The baseline patient characteristics stratified by ILD status are summarized in Table 1. Overall, the distributions of demographic characteristics, performance status, comorbid conditions, tumor-related factors, and treatment-related variables were broadly comparable between patients with and without ILD.

3.2. Clinical Factors Associated with T-DXd-Induced ILD

Table 2 presents univariate analyses for factors associated with ILD development.

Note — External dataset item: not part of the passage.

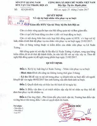 Ông Lê Xuân Tường, nhân viên phục vụ xe buýt nhận hình thức kỷ luật đình chỉ công tác không lương trong thời gian 3 tháng.Vì để xảy ra sai sót trong phục vụ xe buýt đối với người khuyết tật, làm ảnh hưởng xấu đến hình ảnh xe buýt.

ORs with 95% CIs were estimated using Firth penalized logistic regression to reduce small-sample bias.
Based on prior reports suggesting that clinical characteristics may influence susceptibility to T-DXd-induced ILD, we explored the association between pre-specified baseline factors and ILD development in this cohort. These analyses focused on clinically relevant variables, including patient demographics, pulmonary and smoking histories, tumor characteristics, and treatment-related factors.
Univariate Firth-penalized logistic regression analyses were performed to evaluate the associations between baseline categorical variables and ILD development (Table 2). No factors demonstrated a statistically significant association with the occurrence of ILD in this exploratory analysis. Specifically, older age (≥65 years), ECOG performance status ≥1, presence of lung comorbidities, smoking history, lung or pleural metastasis, impaired renal function (creatinine clearance < 90 mL/min), high baseline T-DXd dose (≥6.4 mg/kg), greater number of prior lines of therapy (≥3 vs. ≤2), estrogen receptor status, HER2 status (with equivocal categorized as negative), and HER2 IHC category (≥2+ vs. ≤1+) were not significantly associated with ILD development.
In addition to the categorical analyses, continuous variables were evaluated to further explore their potential associations with ILD development. Median age did not significantly differ between ILD+ and ILD− patients (63.0 [IQR 52.0–68.5] vs. 58.0 [48.5–65.0] years, respectively; Mann–Whitney U test, p = 0.254). Similarly, baseline renal function assessed by CrCl showed no significant difference between the two groups (74.4 [54.2–86.8] vs. 85.5 [71.0–99.4] mL/min, respectively; p = 0.189). Body weight at treatment initiation was also comparable between patients with and without ILD (46.1 [41.7–57.8] vs. 51.3 [43.8–61.0] kg, respectively; p = 0.451).
HER2 expression assessed as a continuous IHC score (1+, 2+, or 3+) did not differ significantly between ILD-positive and ILD-negative patients (median IHC score 2.0 [IQR 1.0–3.0] vs. 2.0 [1.0–2.0], respectively; p = 0.238). These findings were consistent with the results of the categorical analyses and did not identify any continuous baseline variables that were significantly associated with ILD development.
Time-to-ILD was evaluated using univariate Cox proportional hazards models accounting for censoring; however, no factor showed a statistically significant association.
Overall, no baseline clinical or treatment-related factors were significantly associated with ILD development in this exploratory analysis.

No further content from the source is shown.